Query #26 is IO Warnings. This query reads the five most recent SQL Server Error logs to look for 15 second I/O warnings. Query #26 is shown in Figure 4.
1: -- Look for I/O requests taking longer than 15 seconds in the five most recent SQL Server Error Logs (Query 26) (IO Warnings)
2: CREATE TABLE #IOWarningResults(LogDate datetime, ProcessInfo sysname, LogText nvarchar(1000));
4: INSERT INTO #IOWarningResults
5: EXEC xp_readerrorlog 0, 1, N'taking longer than 15 seconds';
7: INSERT INTO #IOWarningResults
8: EXEC xp_readerrorlog 1, 1, N'taking longer than 15 seconds';
10: INSERT INTO #IOWarningResults
11: EXEC xp_readerrorlog 2, 1, N'taking longer than 15 seconds';
13: INSERT INTO #IOWarningResults
14: EXEC xp_readerrorlog 3, 1, N'taking longer than 15 seconds';
16: INSERT INTO #IOWarningResults
17: EXEC xp_readerrorlog 4, 1, N'taking longer than 15 seconds';
19: SELECT LogDate, ProcessInfo, LogText
20: FROM #IOWarningResults
21: ORDER BY LogDate DESC;
23: DROP TABLE #IOWarningResults;
25: -- Finding 15 second I/O warnings in the SQL Server Error Log is useful evidence of
26: -- poor I/O performance (which might have many different causes)

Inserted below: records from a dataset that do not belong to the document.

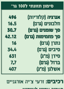 ערכים תזונתיים: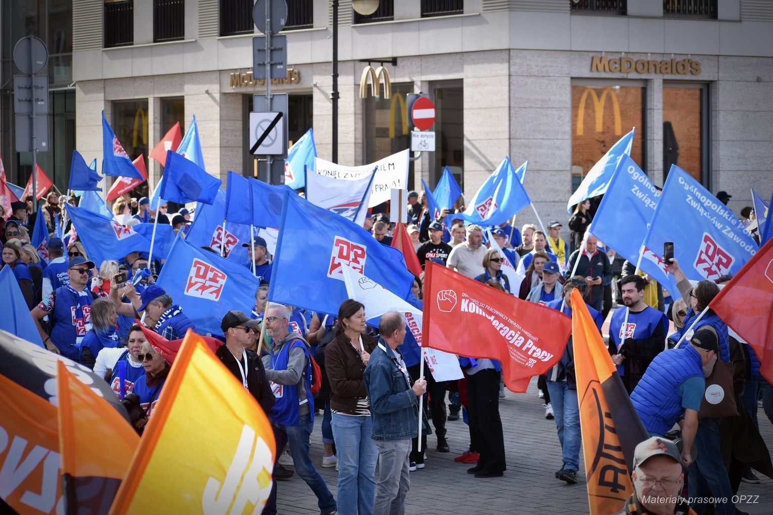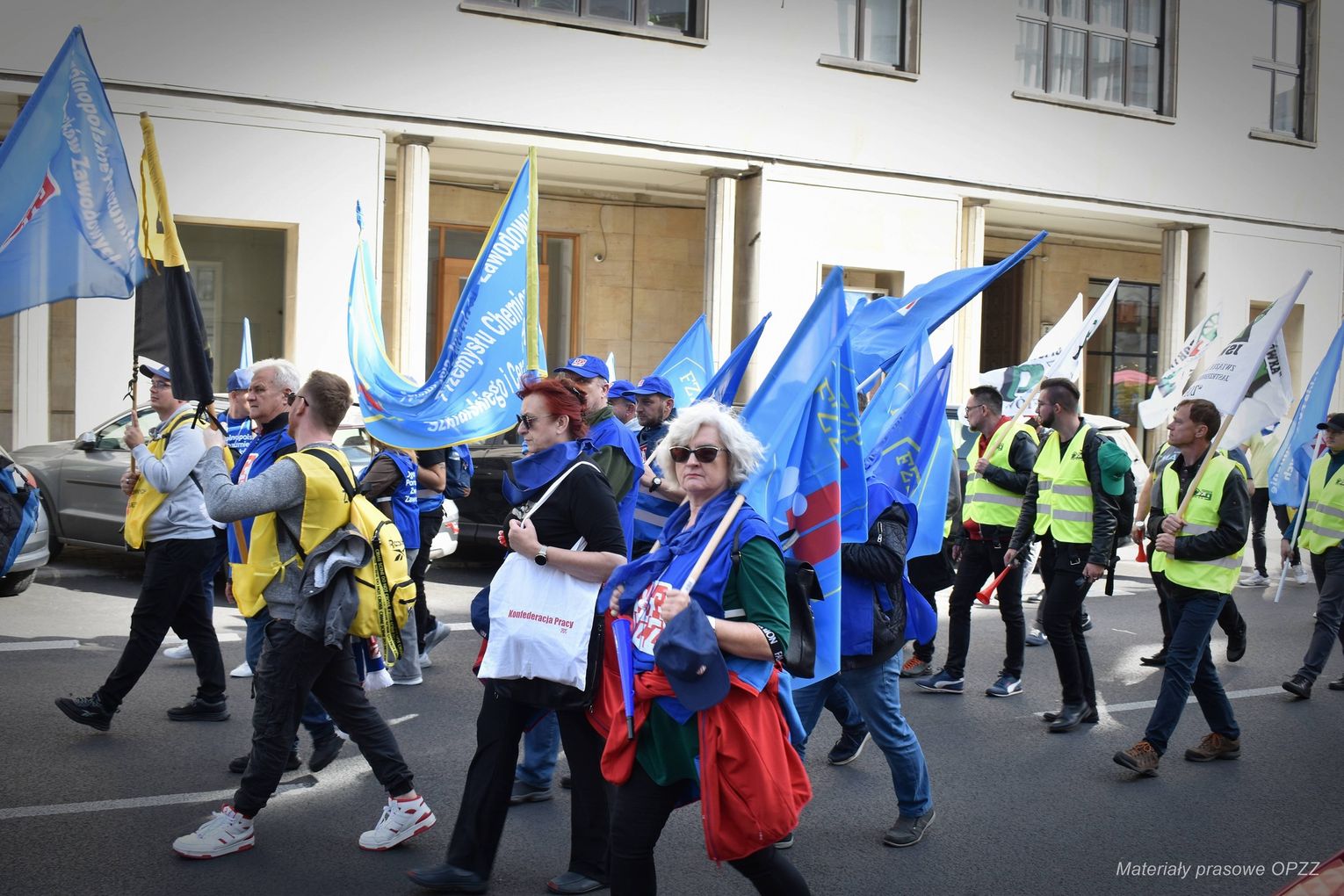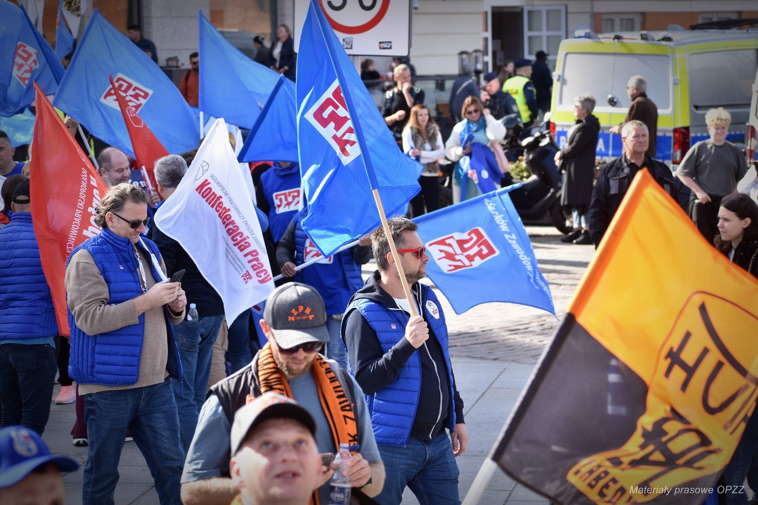 - Przyjechali protestować pracownicy wszystkich branż, m.in. usług publicznych, ochrony zdrowia, Policji, Grupy Azoty, ZUS-u i Poczty Polskiej - wymienia Wojciech Rajchel, przewodniczący Rady OPZZ Województwa Opolskiego.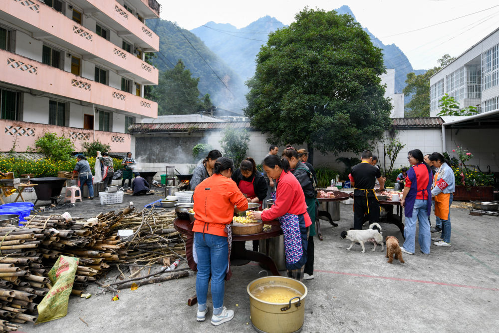9月7日,在草科鄉(xiāng)政府安置點內(nèi),當(dāng)?shù)厝罕娫跍?zhǔn)備午飯。

28: -- Diagnostics in SQL Server help detect stalled and stuck I/O operations
29: -- https://support.microsoft.com/en-us/kb/897284
Figure 4: Query #26 IO Warnings
This query may take some time to complete if your SQL Server Error log files are very large. Finding any 15 second I/O warnings is very strong evidence that you were seeing very poor storage subsystem performance when they were recorded. The warnings go down to the database file level, so you can see which drive and which file was affected.
What you want to look for is whether there is any sort of recognizable pattern to when you are getting these warnings. For example, perhaps you often see a series of 15 second warnings for the data files for one database at around 3AM each morning. Perhaps this is when you are doing index maintenance, plus running DBCC CHECKDB at the same time, or some other repeating pattern of scheduled disk intensive activity.

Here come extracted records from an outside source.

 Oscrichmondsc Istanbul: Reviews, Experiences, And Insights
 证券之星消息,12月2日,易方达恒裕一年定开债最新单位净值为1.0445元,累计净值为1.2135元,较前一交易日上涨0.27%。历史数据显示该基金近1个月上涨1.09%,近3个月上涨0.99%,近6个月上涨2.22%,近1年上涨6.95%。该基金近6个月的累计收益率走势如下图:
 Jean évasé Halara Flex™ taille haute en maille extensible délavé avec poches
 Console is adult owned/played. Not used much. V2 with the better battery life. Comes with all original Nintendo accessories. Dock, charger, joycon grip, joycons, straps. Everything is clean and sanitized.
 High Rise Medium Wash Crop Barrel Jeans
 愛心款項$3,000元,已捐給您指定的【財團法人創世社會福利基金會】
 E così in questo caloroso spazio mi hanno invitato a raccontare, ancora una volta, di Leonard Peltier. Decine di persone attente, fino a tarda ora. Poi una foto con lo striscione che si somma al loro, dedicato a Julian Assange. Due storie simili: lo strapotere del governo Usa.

On the other hand, it may be the case that you see many 15 second I/O warnings at random times, spread across many drive volumes and disk files. This would be a pretty good indicator of generally poor storage subsystem performance!
The results of these four queries are very useful to have available when you talk to your storage administrator about disk performance. The more evidence and metrics you have available about what SQL Server is seeing from a storage perspective, the stronger your case will be.